▸ **DATA EXTRACTS**
BEGIN
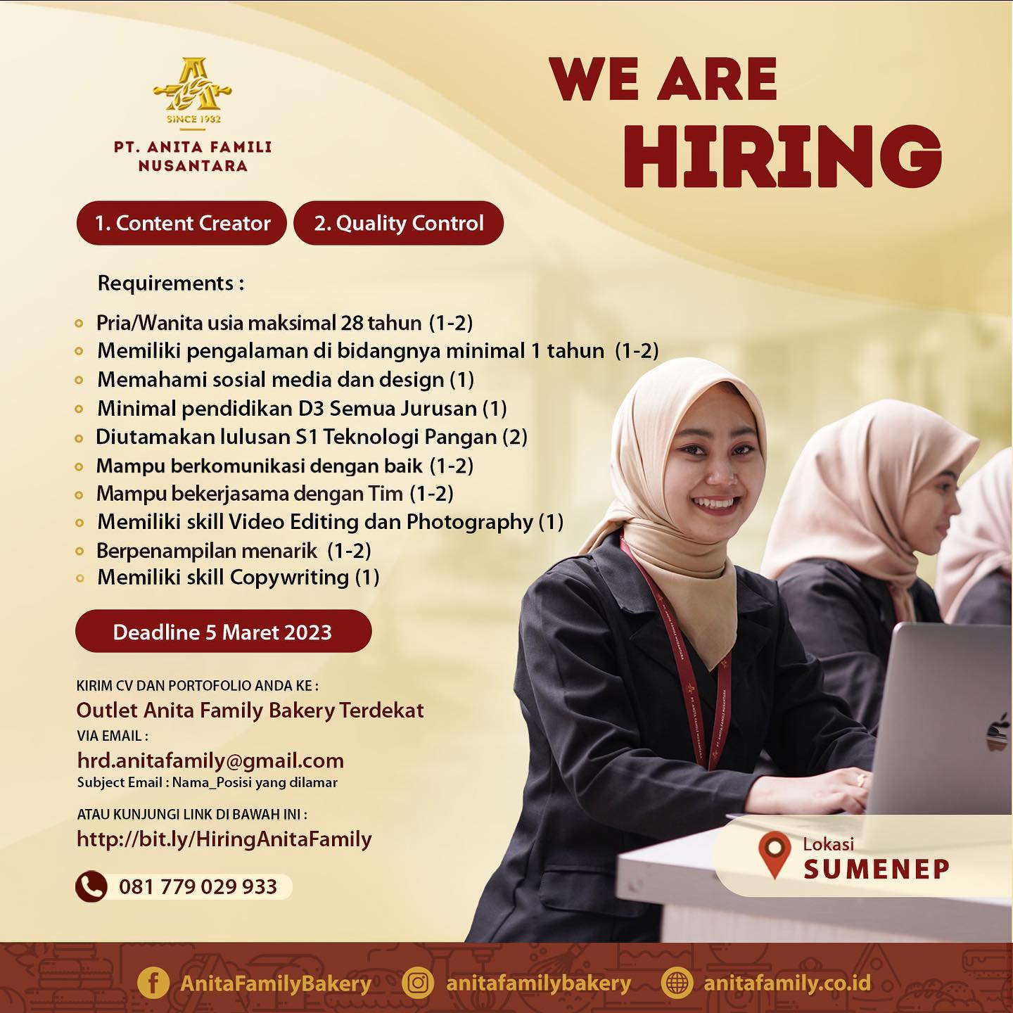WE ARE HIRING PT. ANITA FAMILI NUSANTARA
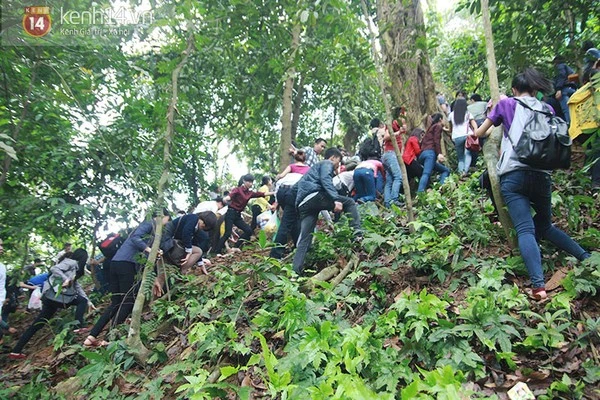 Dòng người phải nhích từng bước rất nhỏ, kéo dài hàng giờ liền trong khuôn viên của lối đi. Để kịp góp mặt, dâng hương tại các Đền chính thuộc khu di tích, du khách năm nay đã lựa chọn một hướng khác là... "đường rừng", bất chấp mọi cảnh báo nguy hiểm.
END
BEGIN
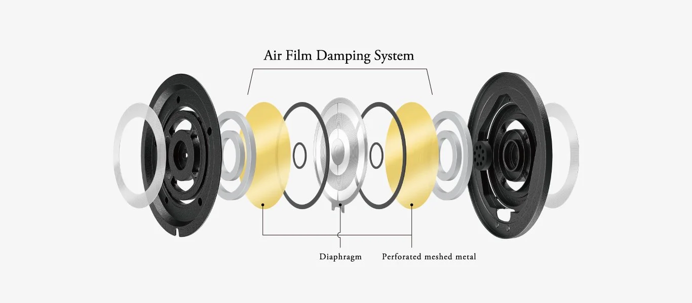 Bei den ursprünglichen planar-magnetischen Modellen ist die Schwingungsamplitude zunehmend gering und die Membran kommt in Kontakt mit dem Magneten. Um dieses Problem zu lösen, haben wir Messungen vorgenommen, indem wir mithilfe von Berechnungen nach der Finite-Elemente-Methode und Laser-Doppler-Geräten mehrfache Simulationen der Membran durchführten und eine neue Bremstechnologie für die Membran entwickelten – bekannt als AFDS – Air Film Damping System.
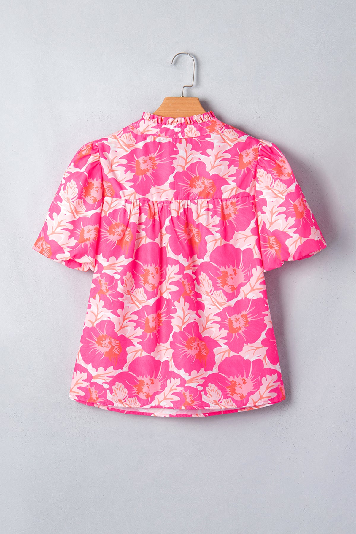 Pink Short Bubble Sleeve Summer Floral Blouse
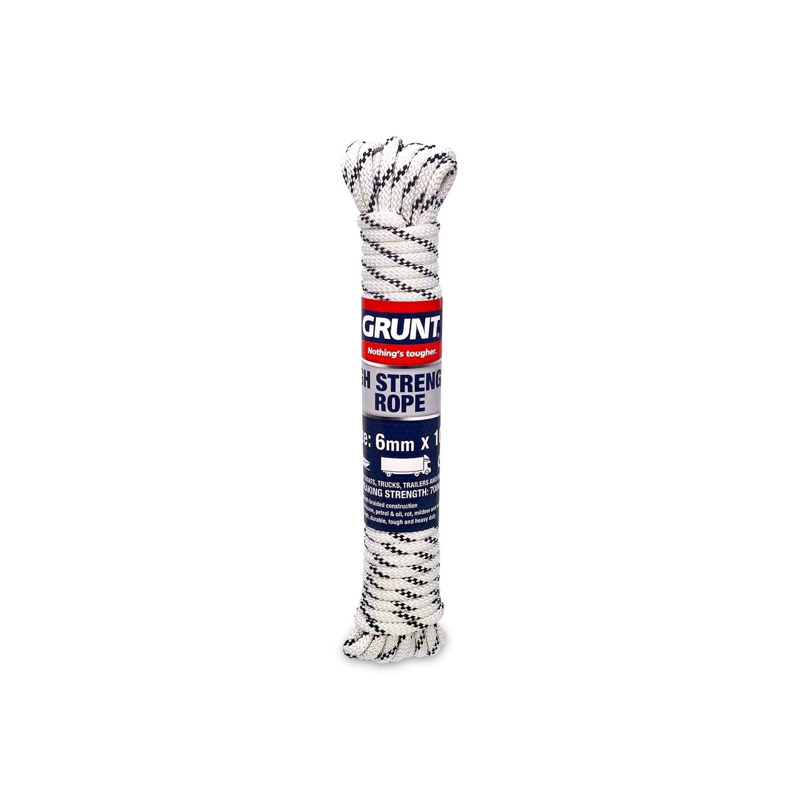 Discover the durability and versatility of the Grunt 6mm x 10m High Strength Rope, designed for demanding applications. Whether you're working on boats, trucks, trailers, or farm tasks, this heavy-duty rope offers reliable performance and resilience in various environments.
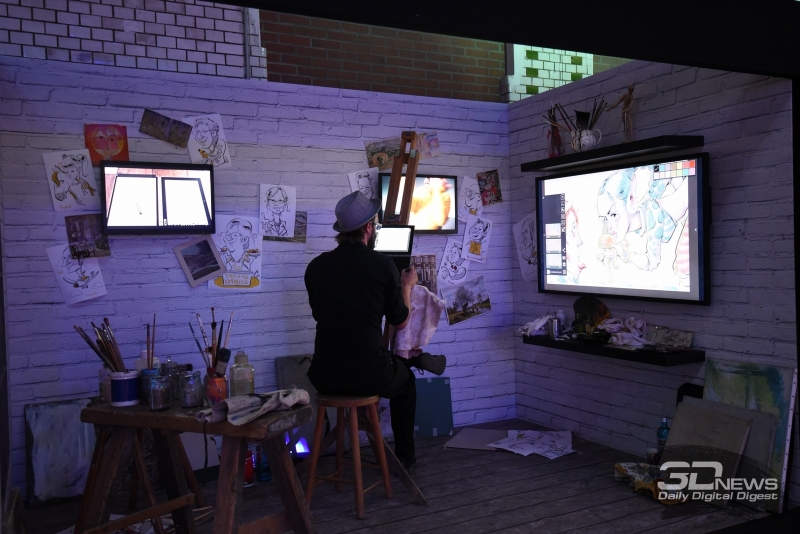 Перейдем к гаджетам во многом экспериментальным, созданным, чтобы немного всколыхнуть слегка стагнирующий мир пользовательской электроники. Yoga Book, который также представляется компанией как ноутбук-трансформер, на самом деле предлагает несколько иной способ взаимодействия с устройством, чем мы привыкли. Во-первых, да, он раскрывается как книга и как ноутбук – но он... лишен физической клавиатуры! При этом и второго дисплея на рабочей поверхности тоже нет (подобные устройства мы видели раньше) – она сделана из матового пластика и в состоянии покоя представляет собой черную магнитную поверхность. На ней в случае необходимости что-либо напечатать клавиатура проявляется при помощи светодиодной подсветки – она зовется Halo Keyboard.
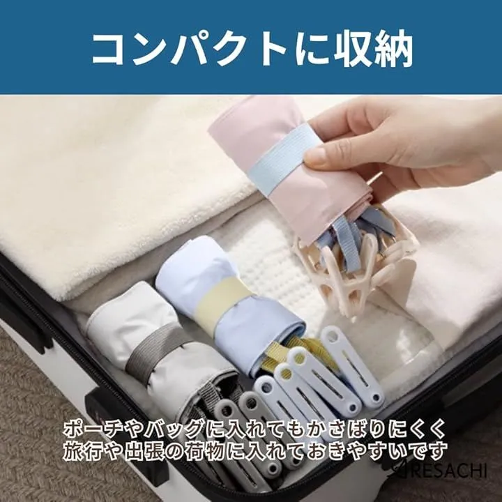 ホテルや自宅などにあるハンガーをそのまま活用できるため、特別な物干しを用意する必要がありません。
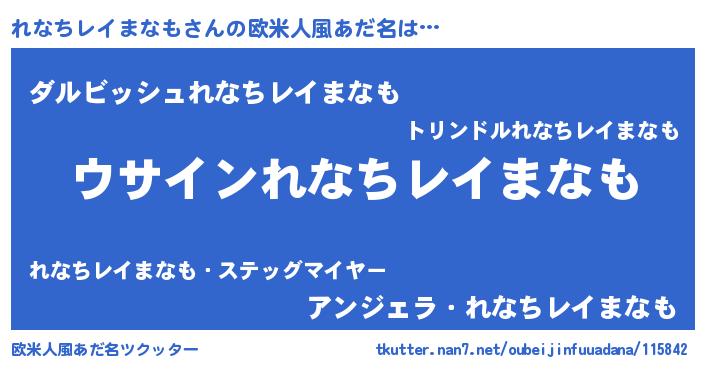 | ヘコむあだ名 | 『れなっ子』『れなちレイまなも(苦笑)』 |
END
▸ **REQUIRED ACTION**
Would you set down only the lines above from the line with "WE ARE HIRING PT. ANITA FAMILI NUSANTARA" to the line with "Dòng người phải", both included, exactly as they stand and without the pictures?

▸ **OUTPUT FOR THIS EXERCISE**
WE ARE HIRING PT. ANITA FAMILI NUSANTARA
 Dòng người phải nhích từng bước rất nhỏ, kéo dài hàng giờ liền trong khuôn viên của lối đi. Để kịp góp mặt, dâng hương tại các Đền chính thuộc khu di tích, du khách năm nay đã lựa chọn một hướng khác là... "đường rừng", bất chấp mọi cảnh báo nguy hiểm.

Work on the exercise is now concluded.